My question is related to weak signature vulnerability testing where a hypothetical attacker does not know the values of the nonce or private key itself, but can determine that the nonce 'k1' is increased by private key 'd' to create k2, such that: k2 = k1+d.
I have searched the stack exchanges and various articles and research papers and have not found a workable solution to this problem. My own linear algebra is not as strong as I would like it (it's been a number of years), and my attempts have not been successful. I have used the k2 = k1+1 equations but they do not specifically produce the necessary solution of k2-k1 = d.
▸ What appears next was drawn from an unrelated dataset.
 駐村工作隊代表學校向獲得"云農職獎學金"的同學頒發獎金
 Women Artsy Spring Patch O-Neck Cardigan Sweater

Other solutions for solving for k did not work, either.
Is there a way to find the difference of k2-k1 = d, where k1, k2, and d are unknown, where k2 = k1+d, but all other values (r, s, z) are known?
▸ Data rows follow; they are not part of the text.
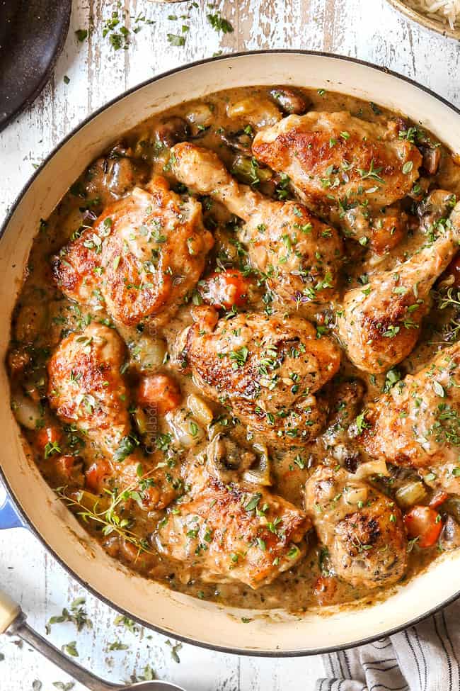 Chicken Fricassee all made in one pot, loaded with succulent golden chicken and tender veggies swimming in a rich, creamy, herb laced sauce.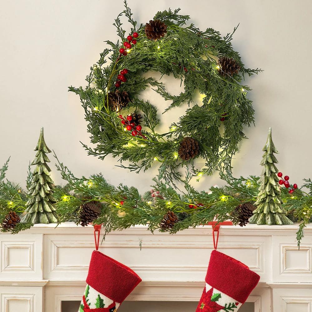 【مادة متينة】مصنوعة من مادة PVC عالية الجودة، متينة وسهلة التخزين. بالإضافة إلى ذلك، تم تصميم نهاية إكليل السرو الصناعي بحلقة تعليق مع خطافين لسهولة التركيب والتوصيل.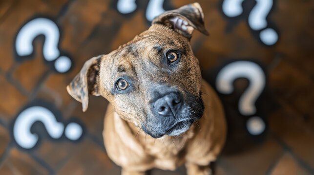 A confused dog surrounded by question marks, conveying a sense of curiosity or bewilderment.

(I have provided the values of d, k1, and k2 for verification of possible solutions, but for the purposes of the question, assume an attacker does not know the values but can spot a relationship).
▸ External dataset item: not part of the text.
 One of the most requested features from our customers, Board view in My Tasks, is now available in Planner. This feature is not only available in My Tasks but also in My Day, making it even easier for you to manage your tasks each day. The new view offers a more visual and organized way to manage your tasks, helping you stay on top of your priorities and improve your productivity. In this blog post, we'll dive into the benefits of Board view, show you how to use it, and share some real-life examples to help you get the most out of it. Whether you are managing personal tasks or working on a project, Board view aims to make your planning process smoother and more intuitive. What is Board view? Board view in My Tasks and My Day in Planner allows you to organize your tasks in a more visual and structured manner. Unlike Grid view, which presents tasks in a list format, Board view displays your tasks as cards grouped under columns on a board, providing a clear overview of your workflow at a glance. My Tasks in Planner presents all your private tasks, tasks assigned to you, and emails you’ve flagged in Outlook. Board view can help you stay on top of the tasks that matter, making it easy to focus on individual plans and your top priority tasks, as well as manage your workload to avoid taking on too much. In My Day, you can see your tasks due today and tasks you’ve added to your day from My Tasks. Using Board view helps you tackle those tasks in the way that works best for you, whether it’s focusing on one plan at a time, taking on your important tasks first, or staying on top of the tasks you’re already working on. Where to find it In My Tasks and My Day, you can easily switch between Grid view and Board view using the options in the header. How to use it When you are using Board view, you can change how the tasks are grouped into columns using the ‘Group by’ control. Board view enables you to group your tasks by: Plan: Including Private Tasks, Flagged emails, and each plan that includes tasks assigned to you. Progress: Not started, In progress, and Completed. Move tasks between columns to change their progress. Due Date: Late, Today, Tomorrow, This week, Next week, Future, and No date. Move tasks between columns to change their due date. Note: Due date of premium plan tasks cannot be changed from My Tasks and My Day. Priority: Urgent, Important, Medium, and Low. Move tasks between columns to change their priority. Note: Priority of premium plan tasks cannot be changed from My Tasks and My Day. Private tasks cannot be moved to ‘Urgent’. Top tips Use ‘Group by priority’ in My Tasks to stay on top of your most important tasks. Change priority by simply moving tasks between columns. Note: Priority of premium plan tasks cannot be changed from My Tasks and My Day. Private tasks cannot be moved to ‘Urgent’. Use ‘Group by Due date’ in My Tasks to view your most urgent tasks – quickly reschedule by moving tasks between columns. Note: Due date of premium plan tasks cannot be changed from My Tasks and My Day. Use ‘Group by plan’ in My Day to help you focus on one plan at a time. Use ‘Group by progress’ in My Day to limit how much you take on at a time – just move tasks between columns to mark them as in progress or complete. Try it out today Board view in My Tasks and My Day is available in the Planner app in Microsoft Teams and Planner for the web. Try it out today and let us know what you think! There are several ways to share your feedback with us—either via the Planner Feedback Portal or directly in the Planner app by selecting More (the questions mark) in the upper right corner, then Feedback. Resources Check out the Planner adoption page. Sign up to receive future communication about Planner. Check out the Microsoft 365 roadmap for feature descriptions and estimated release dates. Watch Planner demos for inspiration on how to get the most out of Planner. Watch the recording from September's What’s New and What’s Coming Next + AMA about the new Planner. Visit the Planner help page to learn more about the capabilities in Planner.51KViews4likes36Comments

N: Finite field of the secp256k1
d: Private key
B(x,y): Public key coordinates
k: Private key of ECDSA nonce
R(x,y): Public key coordinates of nonce
r: R.x integer
s: signature integer
z: Hash value of message
Basic signature equations:
d= (k * s - z) * r^-1 mod N
k= (d * r + z) * s^-1 mod N - or- (d * a + b) mod N
s= (d * r + z) * k^-1 mod N
r= (k * s - z) * d^-1 mod N
z= (k * s) - (d * r) mod N
a= r * s^-1 mod N
b= z * s^-1 mod N
Is there a way to solve this to obtain the value k2-k1=d (k1+d-k1=d) given the equations above, or to solve either k1 or k2, or would the k generation scheme be relatively secure from attack?